On the other hand, the Defense Department has talked about closing about 100 military installations in the United States, which means as of today, no facility is guaranteed a future. And that's what Reardon's comments were all about. He wasn't saying that the Youngstown station, which is home to the 910th Airlift Wing of the Air Force Reserve and Marine and Navy units, is targeted, nor was he issuing any kind of a warning based on inside information.
He was simply giving the Valley some sound advice. If only a steel industry insider had come to the region and had shaken us awake with an opinion about the future of local steel mills.
To say the Valley was caught with its ingots exposed would be understatement. We were so unprepared that when a delegation of local government officials and community leaders went to Chicago to meet with U.S. Economic Development Administration officials about the region's economic future, delegates were tongue-tied when asked question, "What do you want to do now that the mills have closed?" Local officials admitted that no one had imagined a day when steel would not be king in the Valley.

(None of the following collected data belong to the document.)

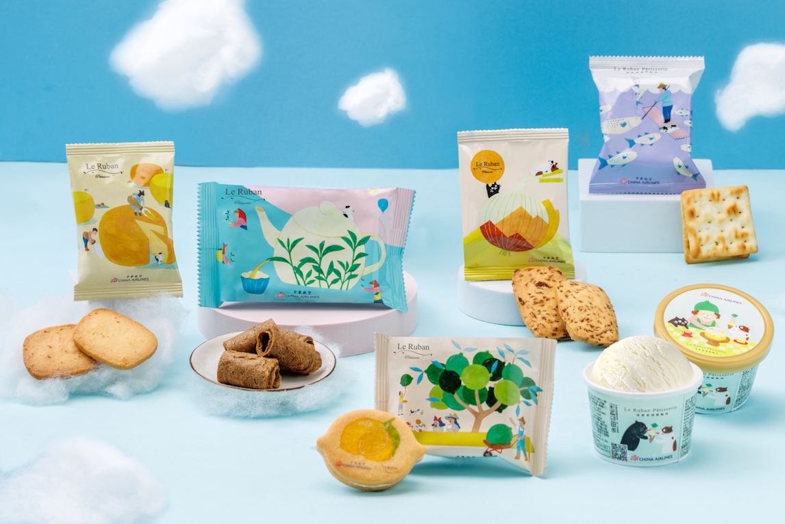 華航表示,法朋也為華航設計專屬甜點包裝,特別邀請台灣繪本作家陳又凌以細膩筆觸與溫暖色彩,將繽紛食趣化為插畫元素,呈現鮮活故事;包裝材料則選用環境友善材質,兼顧美感與實用性。華航持續透過餐飲推行在地食材及環保永續,以多元美食風貌滿足旅客。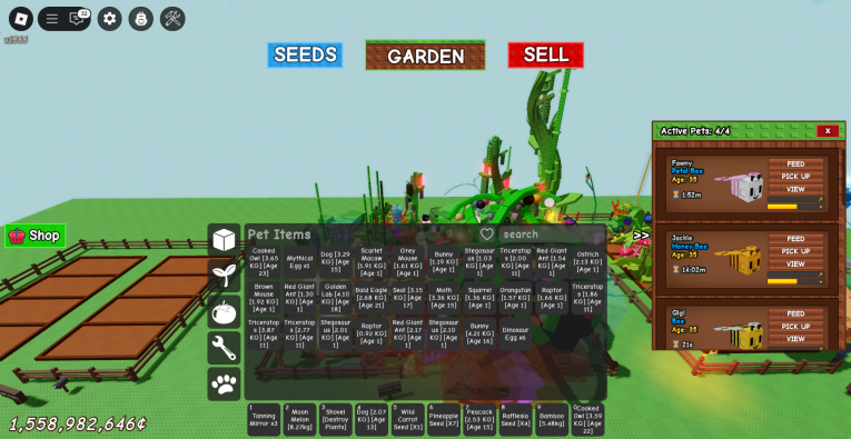Pet: petal bee ( age 35 ) , honey bee ( age 35 )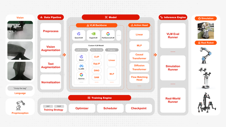 2026 年 04 月16 日,逐际动力(LimX Dynamics)正式宣布,开源面向具身智能科研创新、应用开发与落地的FluxVLA Engine,以统一配置、标准接口、模块解耦、加速部署为核心设计理念,打造标准化 VLA 工程底座,打通数据处理、模型训练、仿真评测到真机部署全流程,大幅降低具身智能全研发周期的工程门槛。当前具身智能向真实世界落地的过程中,行业普遍面临三大结构性瓶颈:数据格式碎

That is why Reardon's comments to the Save Our Airbase Reservists should be viewed in a positive light. But the job of thinking the unthinkable should not fall to SOAR. Members are focused on keeping the base off the closing list, and that's a full-time assignment.
The ideal setting for the kind of research that is necessary to answer the question, "What will the Valley do if the base closes?" is Youngstown State University. The economic, social and even psychological implications of a base closing must be examined academically. How have other communities coped? What happens to the economy? How does a region withstand a $90 million blow each year? What do you do with a base that has been decommissioned?
And it isn't too early to begin such research.
Foolhardy
No one, especially members of the Base Realignment and Closure Commission, should mistake an exercise in "What if?" as a sign that the Mahoning Valley has conceded defeat. Just as the region did several years ago in rallying behind then Congressman James A. Traficant Jr.'s call to demonstrate to the federal government the foolhardiness of closing the Youngstown Air Reserve Station, we will do so again.
If the Pentagon's goal is to cut spending, then the Vienna Township facility is the wrong target. Not only has the federal government earned a hundred-fold return on its investment, but the establishment of an air reserve wing makes it clear that Pentagon officials recognize the superiority of the base compared with other such installations.
That said, the region would be making a grave mistake not preparing for the worst. There is much work to be done, We must not forget the lessons of the collapse of the steel industry in the Mahoning Valley. And the chief lesson is simply this: Nothing lasts forever.